Глава 3

Поезд эпилептически трясся и бренчал так, будто детали на его днище были склеены соплями. Я хмуро разглядывала светящуюся точку под кожей — идентификационный чип. Всматривалась в ожоги на некогда нежной коже. Болючие красные пятна теперь символизировали перемены, остро чувствовалось: как раньше уже не будет никогда.

За время моего отсутствия изменился даже Акамар.

По вагонам проходились контролёры — похоже, электронной системе вновь перестали доверять. Эластичная чёрно-белая ткань плотно облегала их фигуру, шлемы с чёрными стёклами защищали лица от неадекватных безбилетников. Система оплаты изменилась. Я узнала об этом, когда по старой привычке подошла к кассе за билетом, а касса оказалась закрыта. Навсегда.

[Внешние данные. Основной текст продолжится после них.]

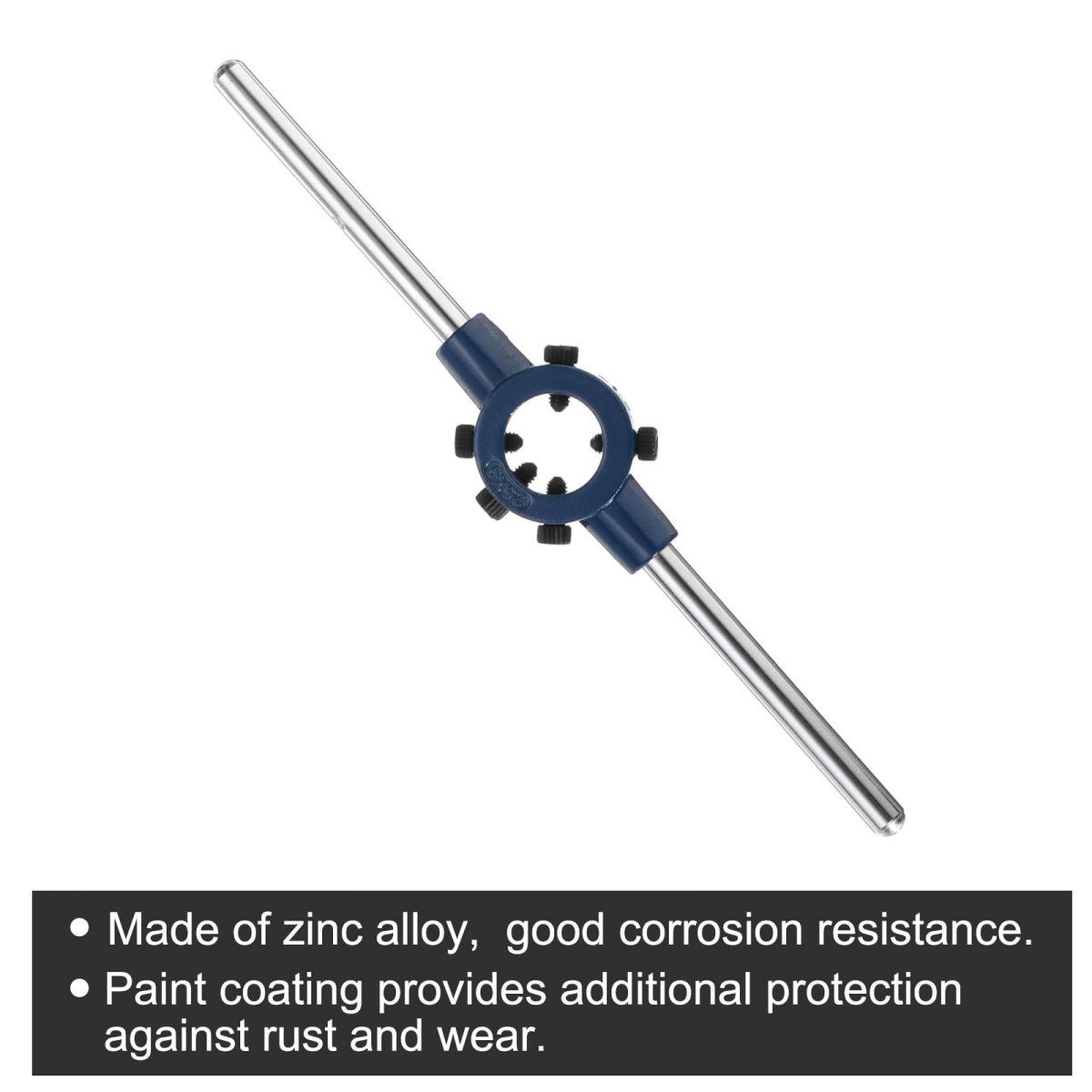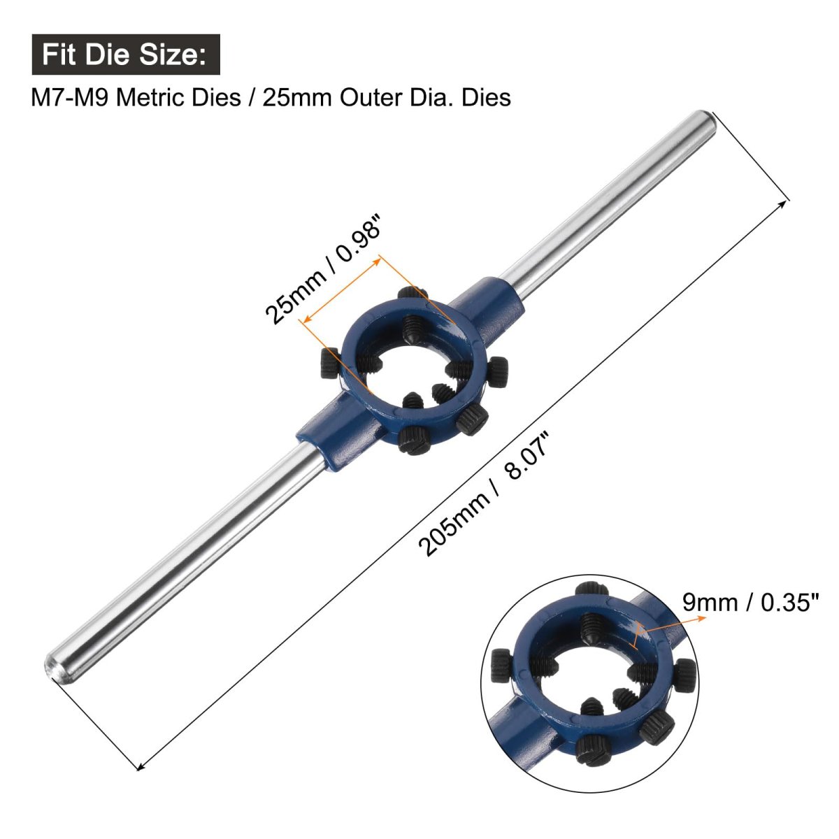 Round Die Stock Handle Wrench: Fit Die Size: M7-M9 Metric Dies / 25mm Outer Dia. Dies; Total Size: 205mm x 11mm / 8.07" x 0.43" (L*T). Die holder is made of zinc alloy, which has good corrosion resistance, a beautiful shape, and is relatively light and portable. The paint coating on the surface provides additional protection against rust and wear, to extend the service life of adjustable wrenches.. Sturdy Wrench: Round die stock handle is designed with 5 adjustable screws to fix the die, die frame can firmly fix the round die and is easy to operate. The frame helps to keep the cutting tool aligned. It can ensure that the thread spacing is even and cut to the required specifications.. Widely Used: Die handle wrench (when used with round dies) can be used on mild steel, aluminum, plastics, and most metals, helping to process, repair, correct, clean external threads, or simply remove bolts and threaded rods. Suitable for house renovation, DIY home improvement projects, construction, auto repair, factories, etc.. Easy to use: The positioning slot of the mould (not included) should be aligned with the tightening screw of the wrench, and the screw should be inserted into the mould slot and tightened. Before you start tapping, apply cutting oil or lubricant to the workpiece and die to get smoother, cleaner threads.. Tips: Every 1/41/2 turn needs to be reversed to facilitate the discharge of chips from the chip removal hole. Apply even and consistent pressure when turning the handle. Tighten the mould base's adjustable screws firmly around the mould to ensure a secure grip..Other fine products

Контролёр замер, глядя на мой песчано-черномазый вид, затем вытянул руку, я поднесла свою. Оплата прошла.

Мы двигались вперёд.

И не то что бы поезд ехал дальше, хотя и он тоже, но в целом, город стремительно подстраивался под новые условия. Буквально несколько дней понадобилось, чтобы полностью перевести работников транспорта на новые стандарты.

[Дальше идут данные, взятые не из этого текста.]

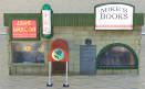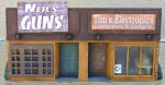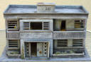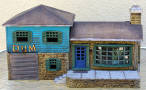 Most of the shells used for the Zombietown buildings are O scale model railroad buildings. We always glue them to a piece of styrene sheet to simulate a floor. This makes the entire Zombietown setup easily storable and portable. The whole thing sets up and breaks down in about an hour - perfect for our mobile Halloween game. But now ..... ON WITH THE SHOW!!! Click the locations below to open up their individual web pages!

Так, как раньше, уже не будет никогда.

— Станция «Синяя»!

Я неохотно поднялась, покачиваясь, доковыляла к дверям. Пока поезд тормозил, скосила глаза в сторону и в очередной раз зацепилась взглядом за двух влюблённых, они ехали со мной от зелёной ветки. У них были золотые часы с фигуристой «Б». Интересно, какие эмоции они купили? Счастье? Страсть?

Двери открылись, я вышла на платформу, прокручивая в голове зудящие мысли: зачем было делать эти артефакты? Неужели так важно воздействовать на удовольствие? Неужели Берлингеру с Юргесом было важнее поднять мужчинам член, вместо того, чтобы поднять на ноги инвалидов? Вдохнуть жизнь в коматозников? Почему они ударились в изготовление тех артефактов, без которых человечество вполне может обойтись? Почему не захотели настоящей революции? Почему не усовершенствовали «Виту»?

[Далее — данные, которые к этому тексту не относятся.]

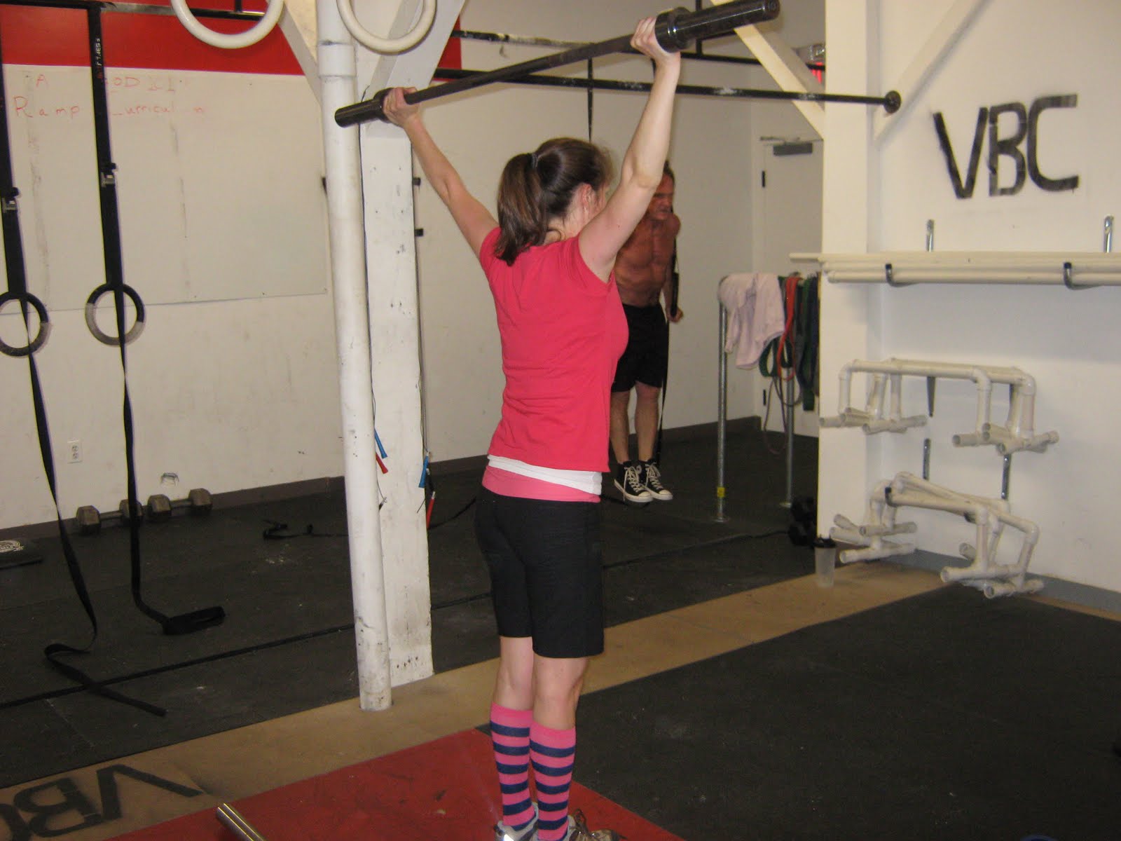 Everything is scaleable within CrossFit… Joanna subbing in Parallete PVC Dips for Ring Dips…Increase the Range of Motion by stacking weights…

Я ступала тоненькими подошвами кед по ребристой платформе, собственные шаги барабанами отзывались в ушах.

Ну неужели существовали бы «антиартефаки», если бы все знали, насколько важны артефакты? Неужели кто-то пытался бы противостоять единственному способу вернуть человеку жизнь? Те артефакты, что есть сейчас, не справляются с этой задачей.

Но если бы артефакты стали лекарством?

Разве хоть кто-то покусился бы на их значение в истории? Разве хоть кто-нибудь стал бы отрицать их необходимость?

Я утопала в этих мыслях всю дорогу и сама не заметила, как оказалась перед домом, к которому когда-то поклялась больше не возвращаться. Дни сменялись днями, мысли — другими мыслями, обида притуплялась, тяжёлые воспоминания зарастали беспощадным мхом времени. Это был один из тех тяжёлых дней, когда чувствуешь себя совершенно беззащитным перед огромным, страшным миром.

Это было странно и нерационально, но единственным человеком, к которому мне хотелось прижаться — оказалась мама. Когда я вернулась в Акамар, первым же делом задумалась: где ночевать? Где мой дом?

Ответ был очевиден. Хоть и горько было это признавать.

Она открыла не сразу. Видимо, даже подумать не могла, что на порог кто-то заявится в такое позднее время суток. Она очень удивилась. Обвела меня недоверчивым, но трезвым взглядом от макушки до мысков кед.

— Что, нахлебалась от своего папаши?

Я поджала губы, глуша ответную резкость.

— Мне можно зайти? — Остро почувствовала себя пятилетней нашкодившей девчонкой.

— Ну, входи. — «Сделала одолжение».

Я медленно переступила порог, обводя заинтересованным взглядом прихожую. Ничего не изменилось. Абсолютно. Менялась я, менялось моё окружение, даже Акамар менялся, но только не этот дом.

Пахло странно, будто тухлыми яйцами. Оказавшись на кухне, поняла, что мама наготовила салатов, и такая удушающая смесь запахов как раз от них.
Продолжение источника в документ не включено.